• Exercise objective: In the records below, find the line with "原标题:《香格里拉这两条路段实行半封闭施工→》" and the line with "AlexaChung oversized, v-neck". Print both exactly, along with every line between them, and no other line.
──────── Supplied data ────────
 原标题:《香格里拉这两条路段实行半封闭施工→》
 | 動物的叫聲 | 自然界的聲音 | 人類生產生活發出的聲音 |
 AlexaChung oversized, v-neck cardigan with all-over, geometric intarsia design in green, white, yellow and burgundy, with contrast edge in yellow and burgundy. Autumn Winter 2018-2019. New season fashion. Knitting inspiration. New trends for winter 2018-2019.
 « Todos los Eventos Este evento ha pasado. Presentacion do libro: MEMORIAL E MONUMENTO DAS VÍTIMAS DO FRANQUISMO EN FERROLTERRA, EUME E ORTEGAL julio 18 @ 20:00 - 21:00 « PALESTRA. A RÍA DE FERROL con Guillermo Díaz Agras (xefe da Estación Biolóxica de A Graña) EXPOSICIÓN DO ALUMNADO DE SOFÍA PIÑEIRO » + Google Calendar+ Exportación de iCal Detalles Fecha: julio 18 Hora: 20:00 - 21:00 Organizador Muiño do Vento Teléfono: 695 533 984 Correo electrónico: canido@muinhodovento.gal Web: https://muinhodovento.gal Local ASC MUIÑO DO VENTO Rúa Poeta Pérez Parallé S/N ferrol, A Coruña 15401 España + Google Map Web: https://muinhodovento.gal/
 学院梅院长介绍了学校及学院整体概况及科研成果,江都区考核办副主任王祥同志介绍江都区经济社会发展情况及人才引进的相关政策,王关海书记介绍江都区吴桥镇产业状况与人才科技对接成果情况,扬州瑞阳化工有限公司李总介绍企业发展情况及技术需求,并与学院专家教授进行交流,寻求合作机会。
────────
──────── Supplied data ────────
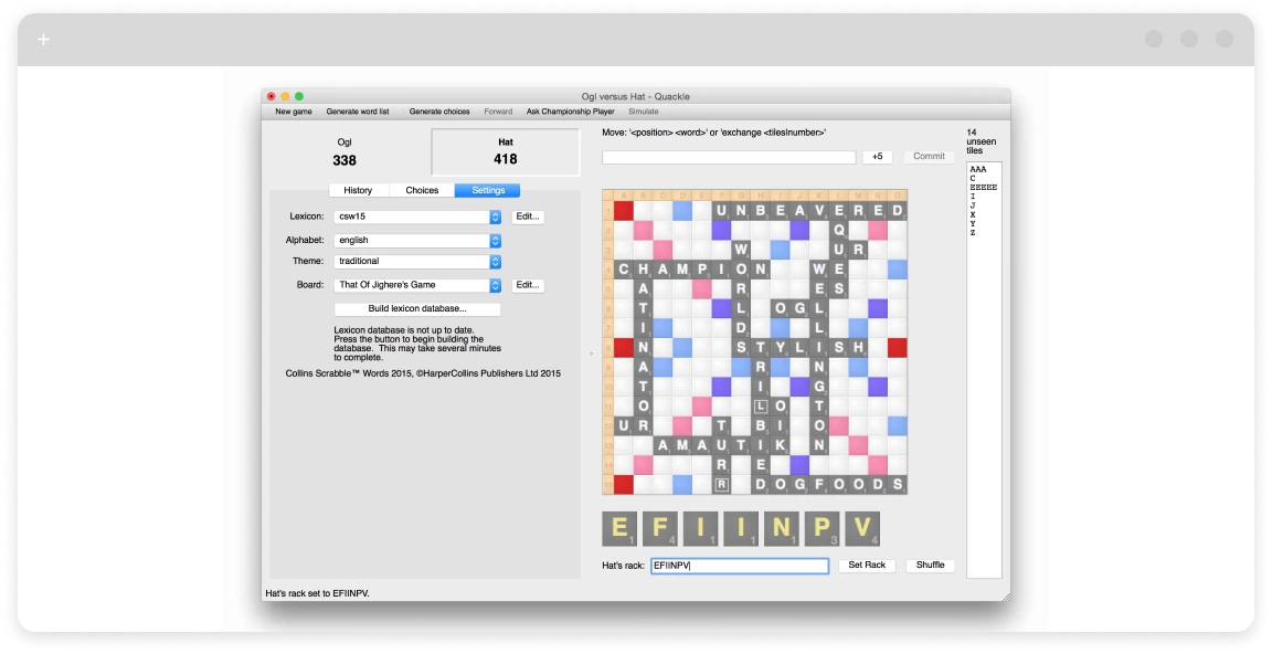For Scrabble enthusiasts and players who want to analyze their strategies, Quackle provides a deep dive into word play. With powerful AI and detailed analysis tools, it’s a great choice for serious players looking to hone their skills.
────────
──────── Supplied data ────────
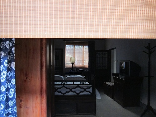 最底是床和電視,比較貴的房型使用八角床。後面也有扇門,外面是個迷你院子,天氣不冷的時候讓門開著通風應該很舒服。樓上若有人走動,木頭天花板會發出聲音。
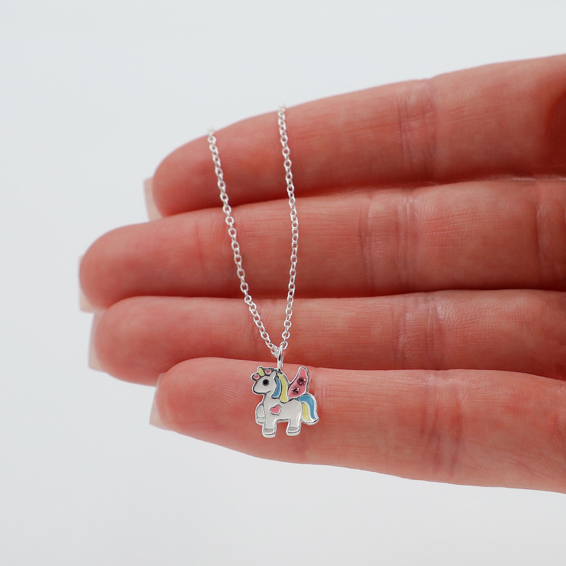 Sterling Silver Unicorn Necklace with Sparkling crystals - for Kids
────────
• Expected answer:
 原标题:《香格里拉这两条路段实行半封闭施工→》
 | 動物的叫聲 | 自然界的聲音 | 人類生產生活發出的聲音 |
 AlexaChung oversized, v-neck cardigan with all-over, geometric intarsia design in green, white, yellow and burgundy, with contrast edge in yellow and burgundy. Autumn Winter 2018-2019. New season fashion. Knitting inspiration. New trends for winter 2018-2019.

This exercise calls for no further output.